Work to complete. Verbatim output of the lines below is required, with the images omitted.

Given material.
★ ★ ★ ★ ★ ★ ★
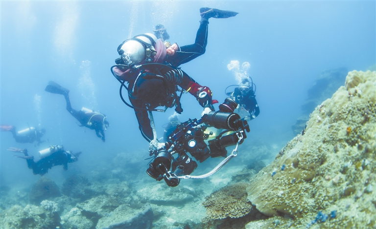 5月28日,参赛选手在比赛中。 当日,2023年中国水下摄影公开赛在海南省三亚市蜈支洲岛旅游区开幕。据悉,这是国内首次举办国家级水下摄影大赛,吸引了来自全国各地近40名水下摄影师参赛。 新华社发
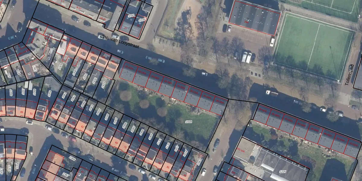 Het perceel waarop Jac. van Looystraat 30-I staat heeft een oppervlakte van 1848 m². Dit is een zeer groot perceel. De perceeloppervlakte wordt geregistreerd door het Kadaster. Gedetailleerde informatie over de maten van dit perceel kunt u vinden in het rapport Kadastrale kaart met maatvoering van Jac. van Looystraat 30-I.
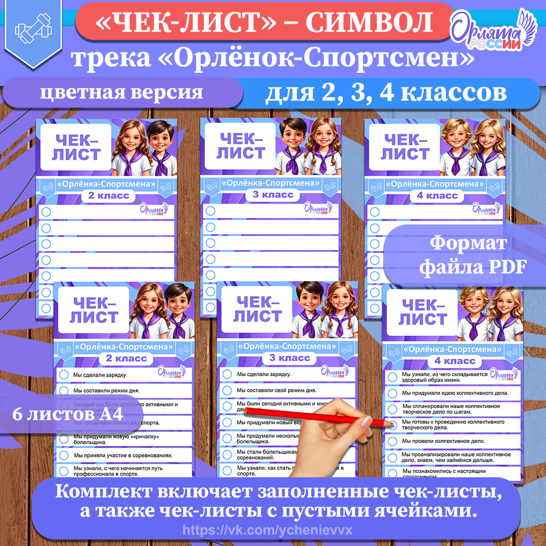 ❗❗ Данный комплект "Чек-листов" к треку "Орлёнок-Спортсмен" можно скачать здесь. ❗❗ 📄 «Чек-лист» – символ трека «Орлёнок-Спортсмен» «Орлята России». В комплекте представлены несколько вариантов чек-листов: 1. Для 2 класса (заполнен, нужно выполнять задания в течение трека и отмечать галочками); 2. Для 3 класса (заполнен, нужно выполнять задания в течение трека и отмечать галочками); 3. Для 4 класса (заполнен, нужно выполнять задания в течение трека и отмечать галочками); 4. Для 2 класса (с пустыми окошками для самостоятельного заполнения); 5. Для 3 класса (с пустыми окошками для самостоятельного заполнения); 6. Для 4 класса (с пустыми окошками для самостоятельного заполнения). 📄 Материал доступен для скачивания в PDF формате. Всего в комплекте 6 листов А4. ✍Чек‑лист делает трек наглядным и игровым: • превращает рутину в квест; • даёт ощущение достижения при отметке выполненного; • учит планировать и доводить дела до конца; • поддерживает мотивацию через визуальную фиксацию успехов.
★ ★ ★ ★ ★ ★ ★
Response area.
 5月28日,参赛选手在比赛中。 当日,2023年中国水下摄影公开赛在海南省三亚市蜈支洲岛旅游区开幕。据悉,这是国内首次举办国家级水下摄影大赛,吸引了来自全国各地近40名水下摄影师参赛。 新华社发
 Het perceel waarop Jac. van Looystraat 30-I staat heeft een oppervlakte van 1848 m². Dit is een zeer groot perceel. De perceeloppervlakte wordt geregistreerd door het Kadaster. Gedetailleerde informatie over de maten van dit perceel kunt u vinden in het rapport Kadastrale kaart met maatvoering van Jac. van Looystraat 30-I.
 ❗❗ Данный комплект "Чек-листов" к треку "Орлёнок-Спортсмен" можно скачать здесь. ❗❗ 📄 «Чек-лист» – символ трека «Орлёнок-Спортсмен» «Орлята России». В комплекте представлены несколько вариантов чек-листов: 1. Для 2 класса (заполнен, нужно выполнять задания в течение трека и отмечать галочками); 2. Для 3 класса (заполнен, нужно выполнять задания в течение трека и отмечать галочками); 3. Для 4 класса (заполнен, нужно выполнять задания в течение трека и отмечать галочками); 4. Для 2 класса (с пустыми окошками для самостоятельного заполнения); 5. Для 3 класса (с пустыми окошками для самостоятельного заполнения); 6. Для 4 класса (с пустыми окошками для самостоятельного заполнения). 📄 Материал доступен для скачивания в PDF формате. Всего в комплекте 6 листов А4. ✍Чек‑лист делает трек наглядным и игровым: • превращает рутину в квест; • даёт ощущение достижения при отметке выполненного; • учит планировать и доводить дела до конца; • поддерживает мотивацию через визуальную фиксацию успехов.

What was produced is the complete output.